• Directions for this task
Give back, word for word, the lines in the listing below from the one holding "すべてのお部屋にキッチン・冷" down to the one holding "Hermes gloves in", both ends included.

• The data
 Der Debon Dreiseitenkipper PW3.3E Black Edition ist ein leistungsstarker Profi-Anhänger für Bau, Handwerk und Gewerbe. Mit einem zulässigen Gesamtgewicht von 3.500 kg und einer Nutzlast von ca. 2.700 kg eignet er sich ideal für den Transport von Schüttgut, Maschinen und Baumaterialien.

...

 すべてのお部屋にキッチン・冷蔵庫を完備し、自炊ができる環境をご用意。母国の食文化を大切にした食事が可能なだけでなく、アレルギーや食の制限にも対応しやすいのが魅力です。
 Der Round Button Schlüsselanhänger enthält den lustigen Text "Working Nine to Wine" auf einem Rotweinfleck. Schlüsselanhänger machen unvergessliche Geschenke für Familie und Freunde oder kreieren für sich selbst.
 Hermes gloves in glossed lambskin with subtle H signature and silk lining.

* * *

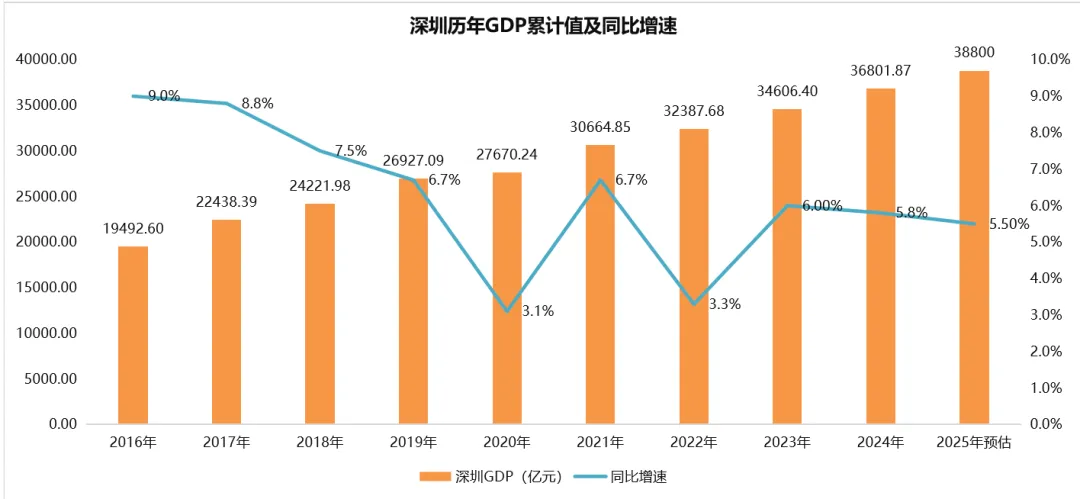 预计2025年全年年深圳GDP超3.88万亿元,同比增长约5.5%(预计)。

• Result
 すべてのお部屋にキッチン・冷蔵庫を完備し、自炊ができる環境をご用意。母国の食文化を大切にした食事が可能なだけでなく、アレルギーや食の制限にも対応しやすいのが魅力です。
 Der Round Button Schlüsselanhänger enthält den lustigen Text "Working Nine to Wine" auf einem Rotweinfleck. Schlüsselanhänger machen unvergessliche Geschenke für Familie und Freunde oder kreieren für sich selbst.
 Hermes gloves in glossed lambskin with subtle H signature and silk lining.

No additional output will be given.